Joseph Stashko is a journalism student at UCLan and co-editor of hyperlocal news site Blog Preston.
So, you’re studying journalism at university. You’ve paid your fees, bought a copy of McNae’s law, and at the end of three years slogging away at intros, pyramid writing and shorthand, you’ll become a journalist, right?
Obviously it’s a naive and unrealistic view. Getting a job in journalism is more difficult now than ever. And yet the industry saw a 24 per cent surge in applications for journalism courses last year, many of them undergraduate. Clearly people still want to be journalists, and the idea of a vocational degree is still considered attractive.
Considering the uptake in journalism courses, student media offices should be bursting at the seams. So why are so many journalism students unwilling to contribute to student media outlets?
The University of Central Lancashire, home to the first formal journalism course in the UK, currently offers more than 20 undergraduate and postgraduate courses. It has legions of journalism students at various stages in their career, with a wide range of skills and ideas. Yet the student newspaper, Pluto, is run by a skeleton crew.

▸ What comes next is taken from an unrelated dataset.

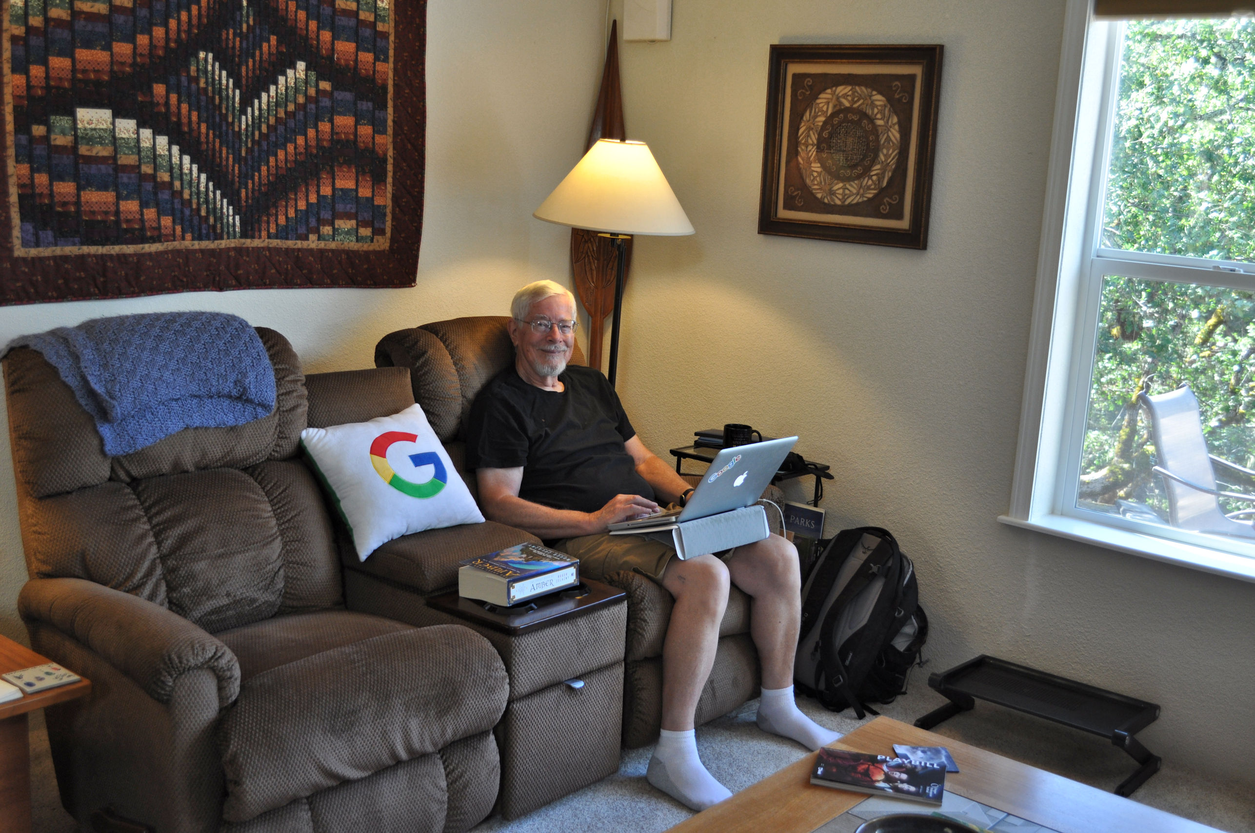 Curtis Mekemson in his “office” creating more bloggy goodness for us.

Pluto’s news editor David Stubbings is hoping to hoping to refresh and improve student media at UCLan by redesigning the fortnightly paper and website and improving the means of communication to students.
“I think a lot of students arrive at university very excited and want to try and do everything. They’ll maybe write a bit but then just lapse and do the bare minimum, especially in first year,” he said.

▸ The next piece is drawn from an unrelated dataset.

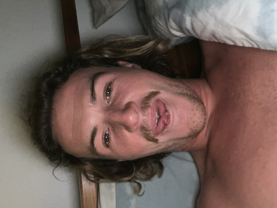 A male individual is depicted in a close-up selfie within what appears to be an indoor, low-light setting, possibly a bedroom, located in Coalcliff, Australia. The subject is an adult with light brown, wavy hair extending to the shoulders and a moustache connected to a chin-strap beard. His eyes are open and directed at the camera. His mouth is open, with the tongue extended and curled into a cloverleaf shape. The individual's shoulders and upper chest are visible, suggesting he is shirtless, and his skin exhibits a tanned complexion. To the left, a light-colored sheet or pillow is present beneath him, alongside a wooden object and a light wall/ceiling. To the right, a pillow with a light blue and white tie-dye pattern is visible beside his head. The overall lighting is dim.

He pointed out that the blame for a poorly staffed student media also lies with the editors, who should be encouraging more students to participate to avoid an elitist environment.
“Those who are heavily involved must make an effort to attract more contributors and crucially keep them interested. I think there are a lot of students who fail at doing that, so when you see the same writers names appear again and again people start to think that there’s no point trying to get involved.”

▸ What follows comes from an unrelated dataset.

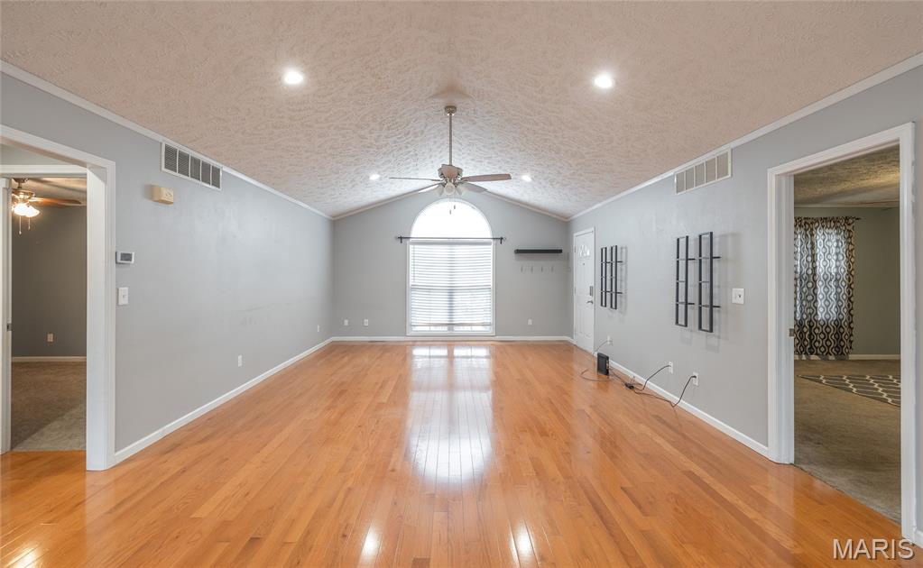 New Year, New Address?! This delightful 4-bedroom, 2.5 bath ranch offers the perfect blend of comfort and convenience in a truly desireable neighborhood. You'll fall in love with the main level vaulted ceilings, beautiful hardwood floors, updated kitchen, main level laundry, and split bedroom floorplan. The full walkout basement provides a fantastic opportunity to customize and expand your living space. You'll find a large bedroom, the half bath(plumbed for a shower), a large bonus living space, storage, and a John Deere garage. Enjoy the outdoor living space with an updated composite deck, fully fenced in yard, backyard patio, and so much more! With the Acorn walking trail, and town amenities just a short stroll away, this home offers so much at an affordable price!! Call today to schedule your private showing.

The outlook is, admittedly, bleak for nascent journalists. With all that’s written about mass redundancies, newspaper profit going into freefall, and seasoned journalists being laid off, you’d forgive a journalism student for wanting to crawl back into halls and stay there.
But I’d suggest the opposite. Student media, if done well, can offer a forum to throw around ideas (no matter how far-fetched), collaborate with like minded people, and practice journalism that is probably far closer to the romantic ideal of a roving reporter than any entry level job.
Journalism students have a lot to offer in an industry that is constantly in a state of flux. While interning at a national newspaper, I recall pointing out to a senior editor how to integrate his articles into Twitter, engage the readers and help tell a story better with data visualisation and diagrams. Skills which my generation take for granted are still thought of as innovative by many senior journalists, and what students lack in experience they can make up for with imagination and a little creative nous.
Student media can, and should foster this. At worst it can be self indulgent, and have the best interests of its writers, not its readers, at heart. But at its best it can be a melting pot of new ideas, encouraging experimentation and unusual content, all the while in the stable incubation stage of higher education.
In this uncertain time, journalism students can hold the key to unlocking a lot of different possibilities for the future of the profession. So lose your inhibitions, put down your pints, and get involved in your student media.